- What you need to do
Copying rule for the data below: pictures stay out, and only the lines from the one with "Uma porta copos" down to the one with "各1〜9。一部は赤カードでスコアになります(7のみ赤が3枚、他は通常2枚+赤カード1枚) - 演算子カード:20枚", inclusive, are repeated exactly.

- Records shown
────────

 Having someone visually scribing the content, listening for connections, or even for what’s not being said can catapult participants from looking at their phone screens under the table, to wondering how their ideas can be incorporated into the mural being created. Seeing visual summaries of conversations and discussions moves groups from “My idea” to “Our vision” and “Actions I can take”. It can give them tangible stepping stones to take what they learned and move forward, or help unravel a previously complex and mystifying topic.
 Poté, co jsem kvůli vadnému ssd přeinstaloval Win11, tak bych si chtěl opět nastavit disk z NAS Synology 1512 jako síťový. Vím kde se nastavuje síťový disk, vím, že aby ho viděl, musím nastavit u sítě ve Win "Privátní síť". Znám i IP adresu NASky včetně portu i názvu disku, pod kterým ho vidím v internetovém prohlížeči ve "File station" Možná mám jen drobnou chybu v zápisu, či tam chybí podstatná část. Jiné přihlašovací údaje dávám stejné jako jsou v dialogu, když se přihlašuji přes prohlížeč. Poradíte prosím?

────────

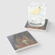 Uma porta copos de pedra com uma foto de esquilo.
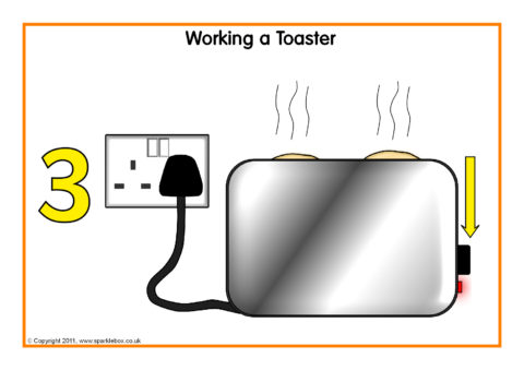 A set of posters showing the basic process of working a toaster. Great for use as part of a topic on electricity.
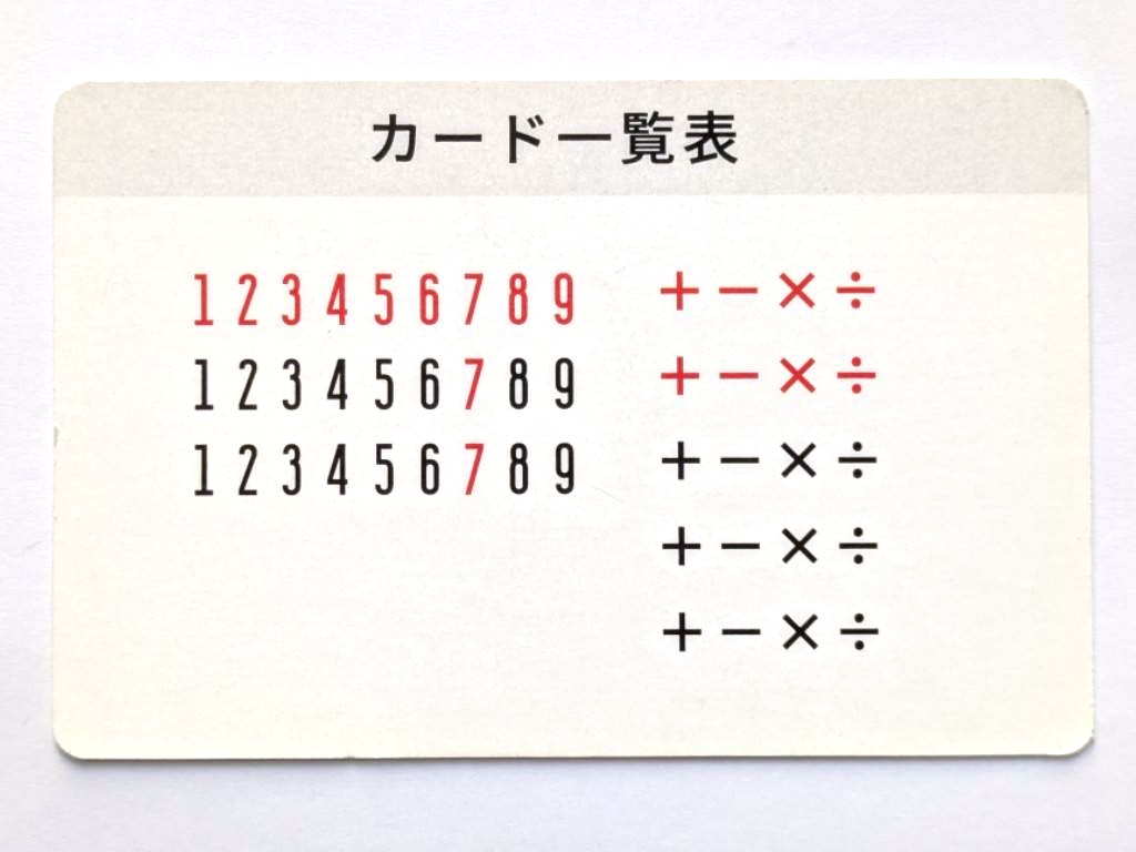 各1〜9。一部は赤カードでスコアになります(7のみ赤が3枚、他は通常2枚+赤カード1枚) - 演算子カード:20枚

────────

- Reply to the task
 Uma porta copos de pedra com uma foto de esquilo.
 A set of posters showing the basic process of working a toaster. Great for use as part of a topic on electricity.
 各1〜9。一部は赤カードでスコアになります(7のみ赤が3枚、他は通常2枚+赤カード1枚) - 演算子カード:20枚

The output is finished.